Mila and her little brother Theo had been building all afternoon.
They took the blue blanket from the couch. They took the stripy blanket from Mama's bed. They took the old yellow quilt that smelled like granola and sunshine.
They draped them over chairs. They draped them over the lamp. They used eleven pillows — Mila counted twice.
And when they crawled inside, the whole world got quiet.
Not outside quiet. Inside quiet. The kind of quiet that hums.
"This," said Mila, "is the Blanket Fort of Very Important Rest."
Theo whispered, "What do we do in here?"
"We rest," said Mila. "Very importantly."

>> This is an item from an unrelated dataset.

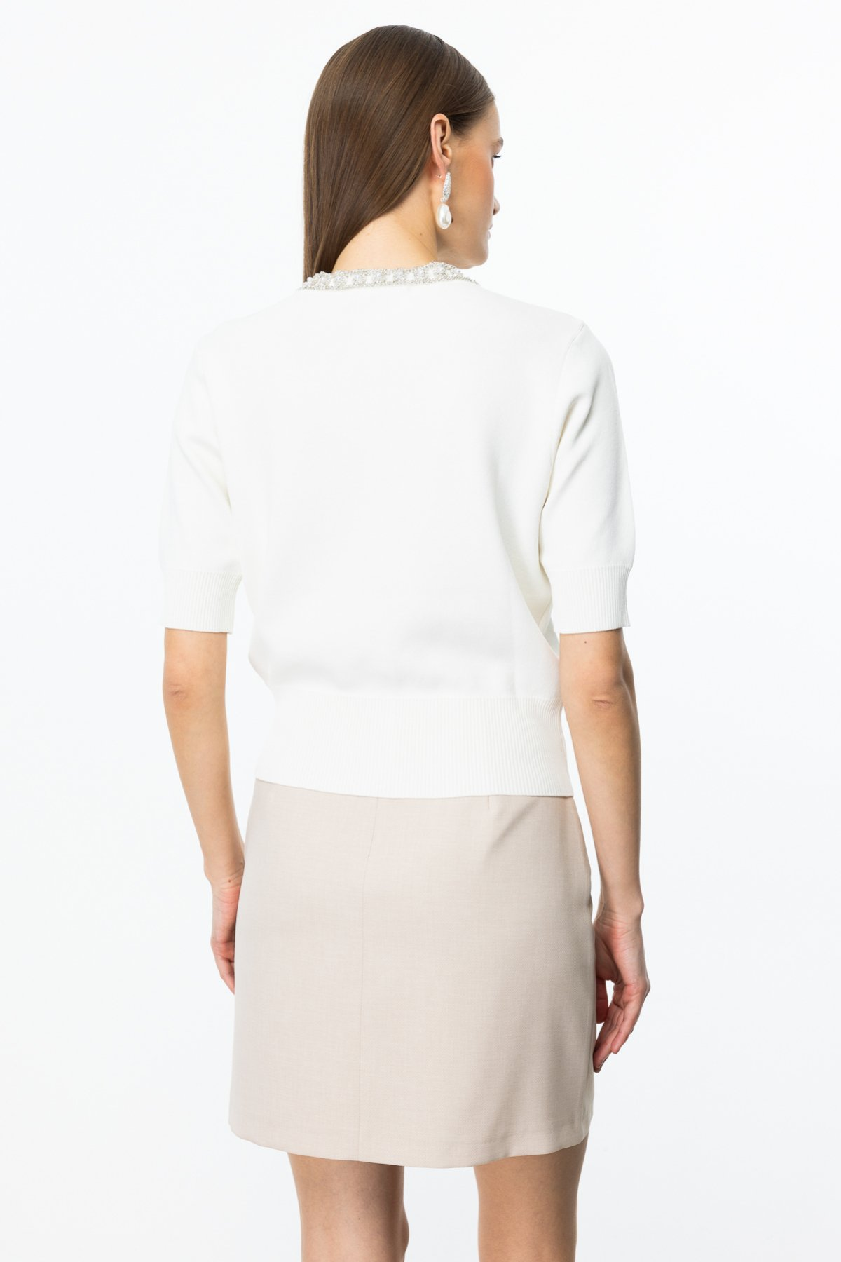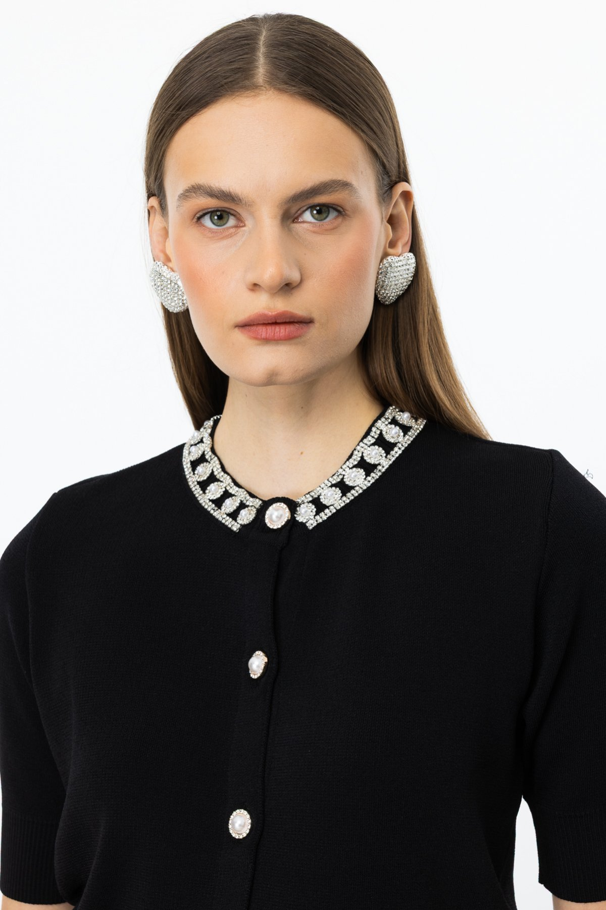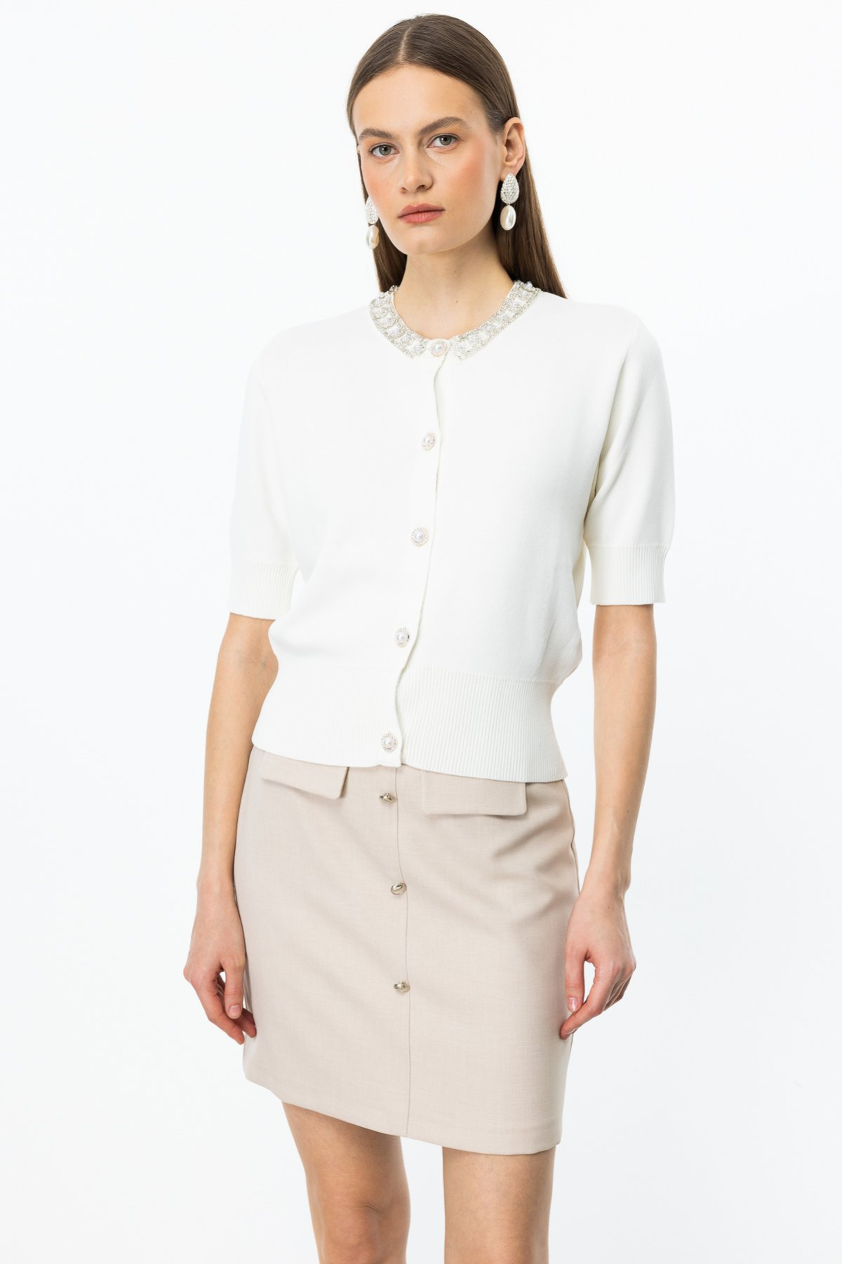 On Minimalist Kadın Hırka - Kısa Kol Taş Detaylı - Crop

The light came through the blankets all soft and blue and gold. It made their hands look like underwater hands. Theo wiggled his fingers. Mila wiggled hers.
Then — FWUMP.
The stripy blanket slid off the lamp and landed right on Theo's head.
He sat very still. He looked like a tiny ghost.
"Boo," he said.
Mila laughed so hard she kicked a pillow and the whole left wall wobbled. They held their breath. The wall held.

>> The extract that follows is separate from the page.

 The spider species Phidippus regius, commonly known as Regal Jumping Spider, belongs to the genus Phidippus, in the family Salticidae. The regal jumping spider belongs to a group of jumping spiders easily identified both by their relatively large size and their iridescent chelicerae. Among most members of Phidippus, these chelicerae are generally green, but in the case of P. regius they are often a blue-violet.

"Okay," Mila whispered. "No more kicking."
She pulled the stripy blanket back up and tucked it tight. She used a big heavy book from the shelf to hold one corner. She used Theo's rain boot to hold the other. The fort was better now. Stronger.
Outside, they could hear the dishwasher running. They could hear a dog barking somewhere down the street. They could hear Mama on the phone saying, "Mm-hm, mm-hm, mm-hm."
But inside the fort, those sounds couldn't really get in.
Theo lay on his back. He pressed his feet against the blanket ceiling and made a little bump. Then another little bump. Two feet, walking upside down across the sky.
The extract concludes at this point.